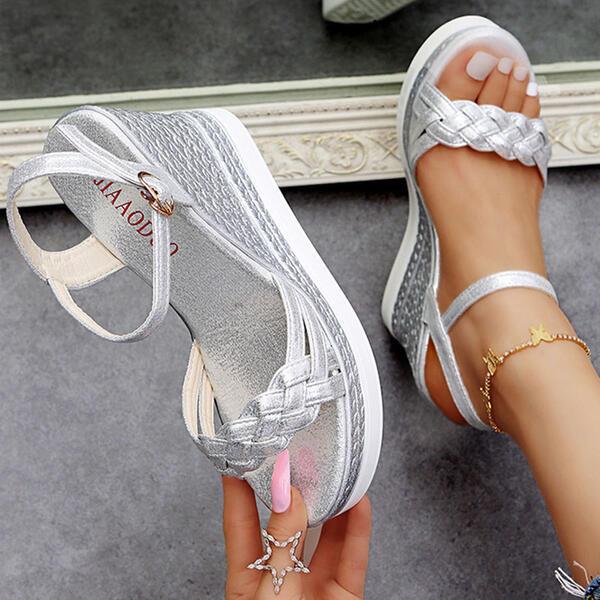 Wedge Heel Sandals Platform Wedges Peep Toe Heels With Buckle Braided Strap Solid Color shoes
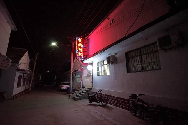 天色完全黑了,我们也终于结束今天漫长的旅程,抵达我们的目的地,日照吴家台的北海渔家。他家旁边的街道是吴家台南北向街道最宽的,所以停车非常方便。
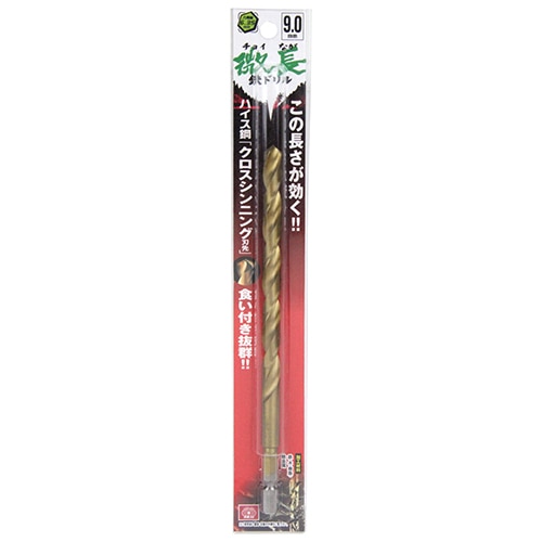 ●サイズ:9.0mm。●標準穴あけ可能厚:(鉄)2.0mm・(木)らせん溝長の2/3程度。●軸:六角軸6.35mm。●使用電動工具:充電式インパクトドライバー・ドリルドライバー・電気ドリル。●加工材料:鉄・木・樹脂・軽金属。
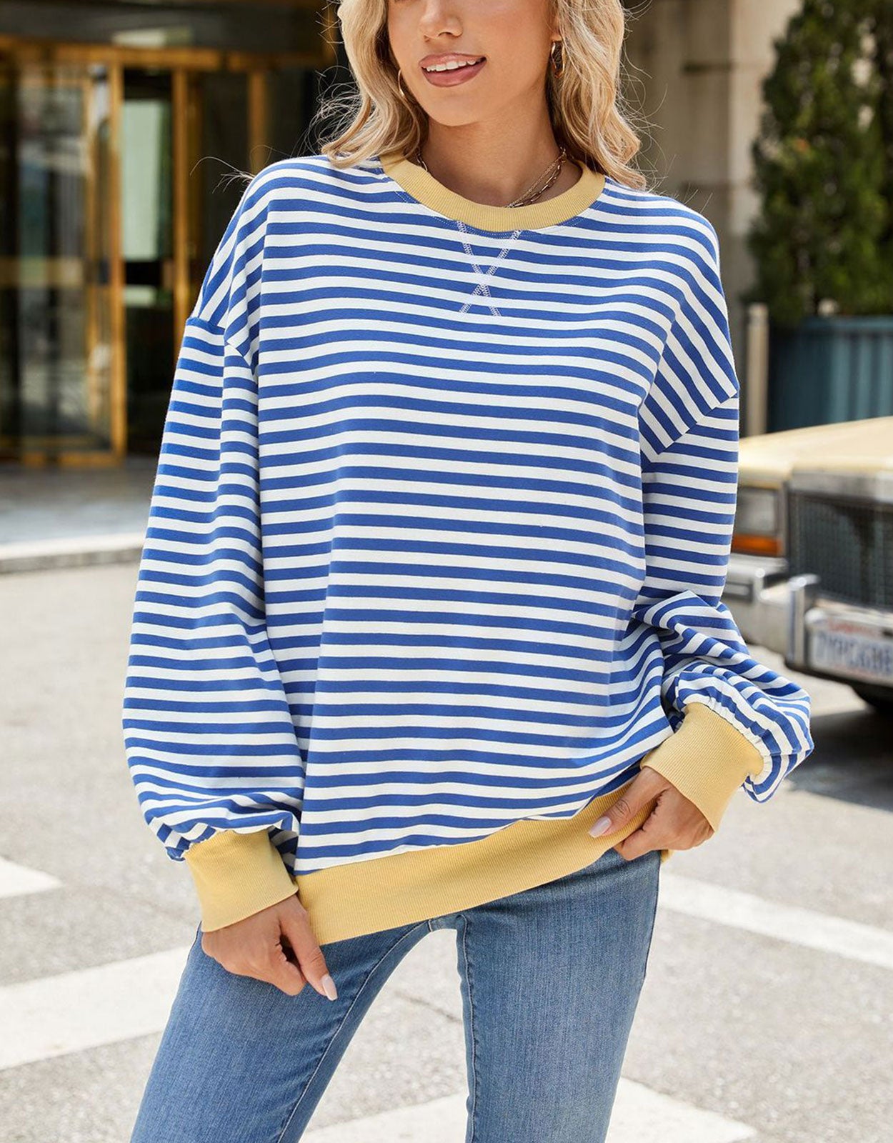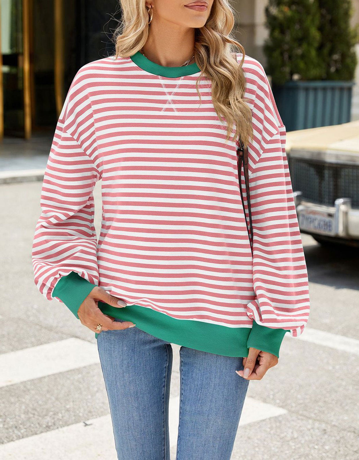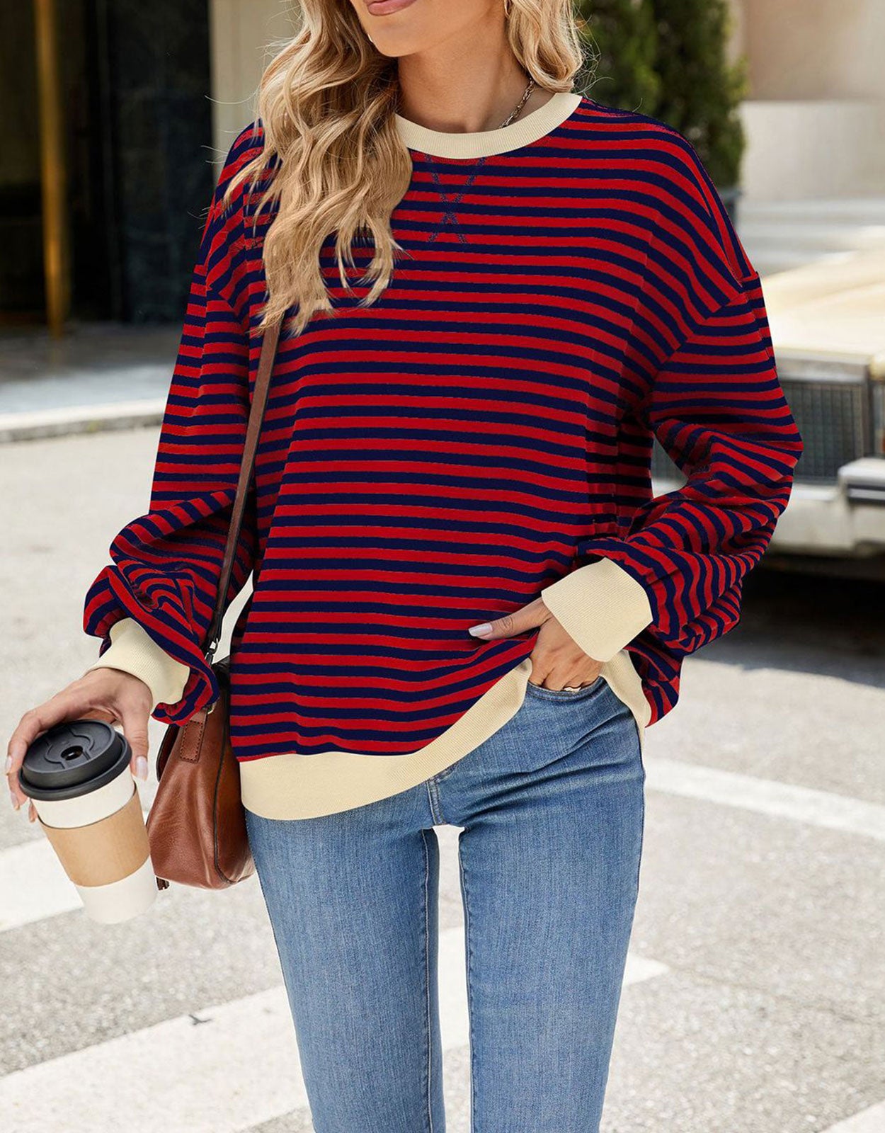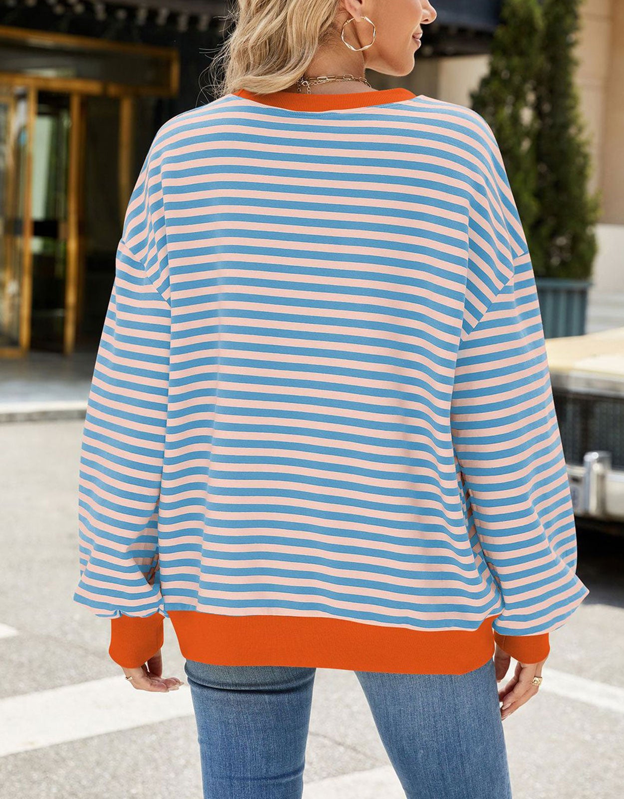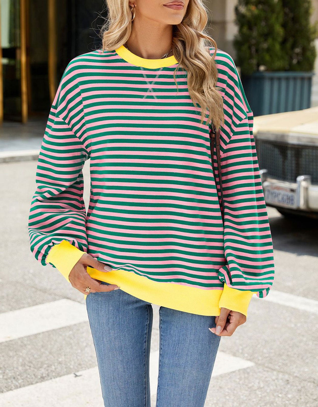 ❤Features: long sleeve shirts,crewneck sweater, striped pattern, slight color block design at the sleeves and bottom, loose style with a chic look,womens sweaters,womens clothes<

□ □ □ □

About this task: Repeat verbatim all the material, but not the pictures.

Problem solution:
 Wedge Heel Sandals Platform Wedges Peep Toe Heels With Buckle Braided Strap Solid Color shoes
 天色完全黑了,我们也终于结束今天漫长的旅程,抵达我们的目的地,日照吴家台的北海渔家。他家旁边的街道是吴家台南北向街道最宽的,所以停车非常方便。
 ●サイズ:9.0mm。●標準穴あけ可能厚:(鉄)2.0mm・(木)らせん溝長の2/3程度。●軸:六角軸6.35mm。●使用電動工具:充電式インパクトドライバー・ドリルドライバー・電気ドリル。●加工材料:鉄・木・樹脂・軽金属。
 ❤Features: long sleeve shirts,crewneck sweater, striped pattern, slight color block design at the sleeves and bottom, loose style with a chic look,womens sweaters,womens clothes<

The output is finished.